» **The task**
The line that contains "кўчатларини танлашингиз лозим?</span><br>" marks the start. Please set it down, with every later line of the data, exactly and without pictures.

━━ Data extract

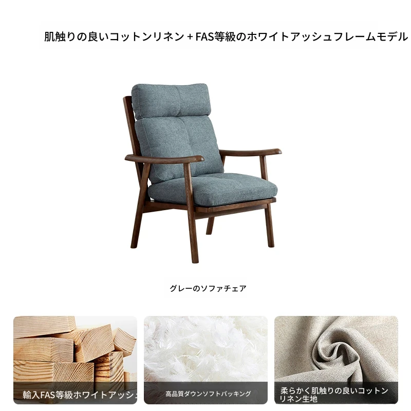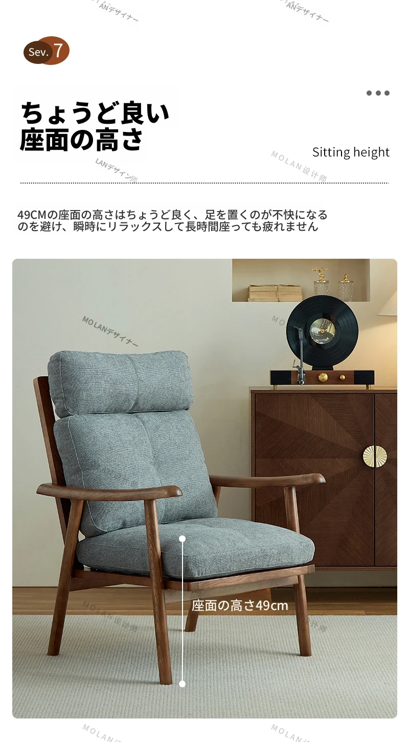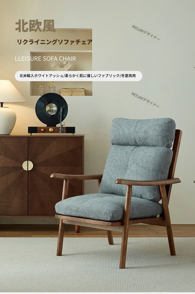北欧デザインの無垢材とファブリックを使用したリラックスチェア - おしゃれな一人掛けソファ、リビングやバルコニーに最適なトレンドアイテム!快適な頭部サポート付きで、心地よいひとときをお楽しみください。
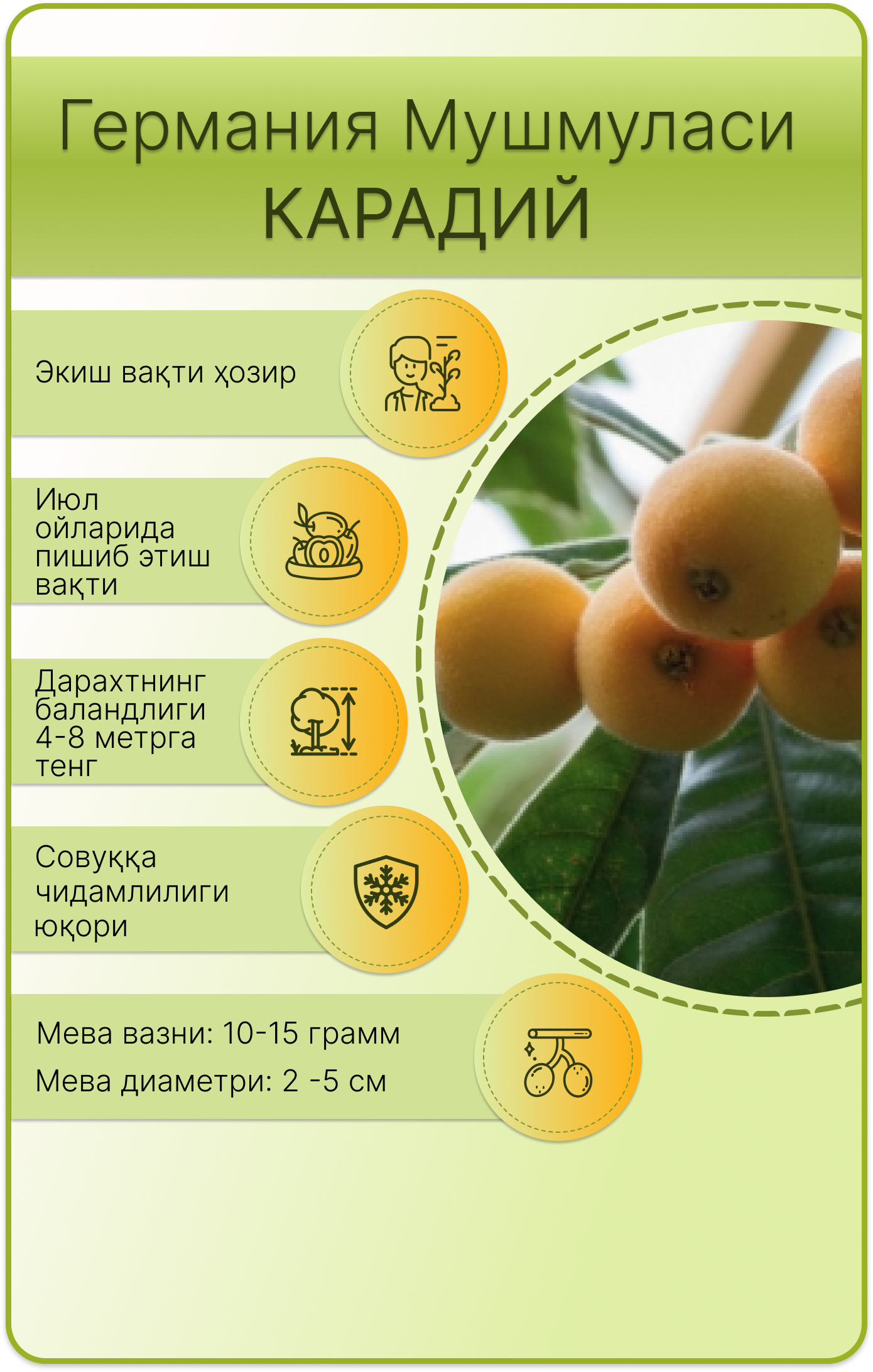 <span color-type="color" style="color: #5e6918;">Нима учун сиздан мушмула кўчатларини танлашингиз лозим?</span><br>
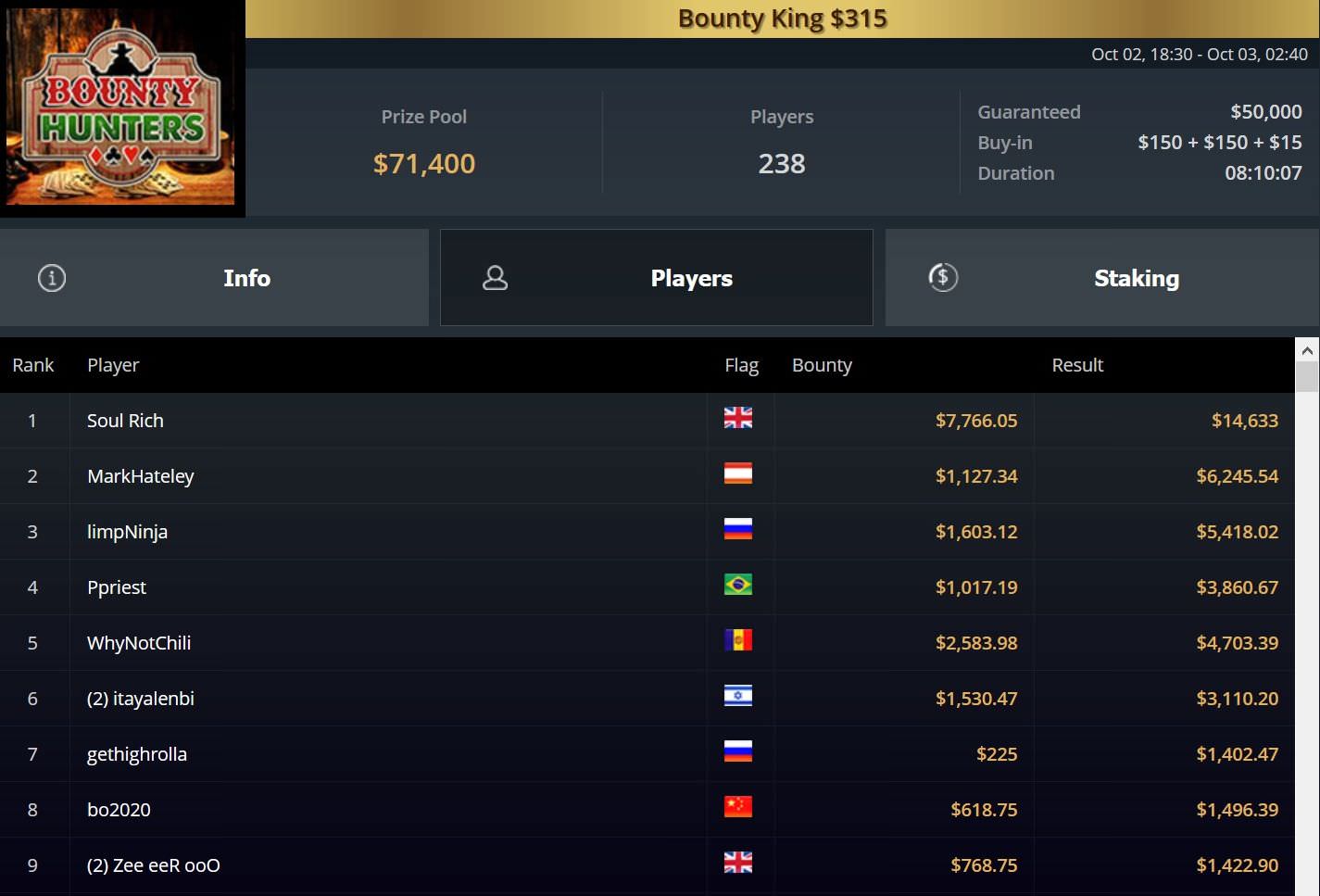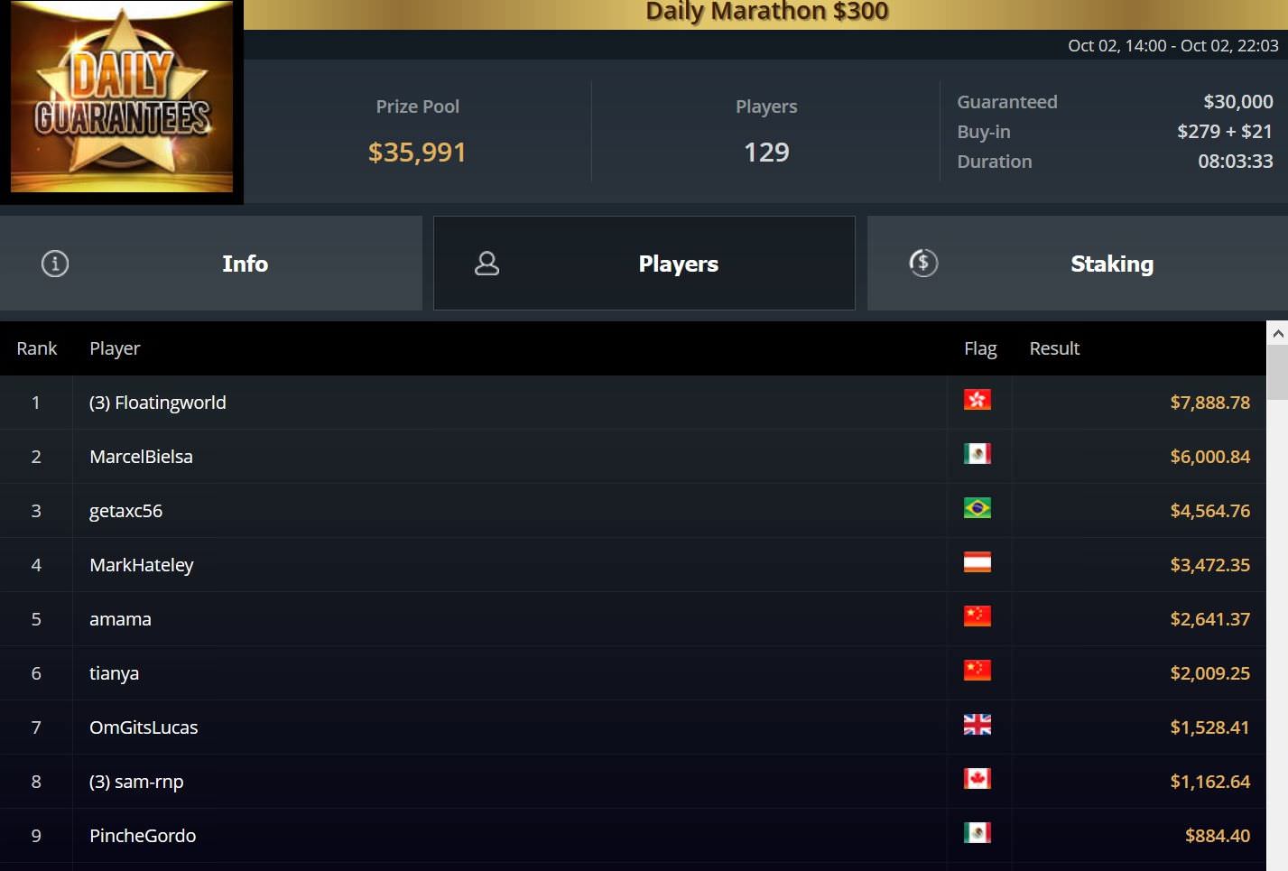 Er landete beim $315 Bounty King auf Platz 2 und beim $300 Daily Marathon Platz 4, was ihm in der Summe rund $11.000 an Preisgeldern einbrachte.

━━━━

» **Task result**
 <span color-type="color" style="color: #5e6918;">Нима учун сиздан мушмула кўчатларини танлашингиз лозим?</span><br>
 Er landete beim $315 Bounty King auf Platz 2 und beim $300 Daily Marathon Platz 4, was ihm in der Summe rund $11.000 an Preisgeldern einbrachte.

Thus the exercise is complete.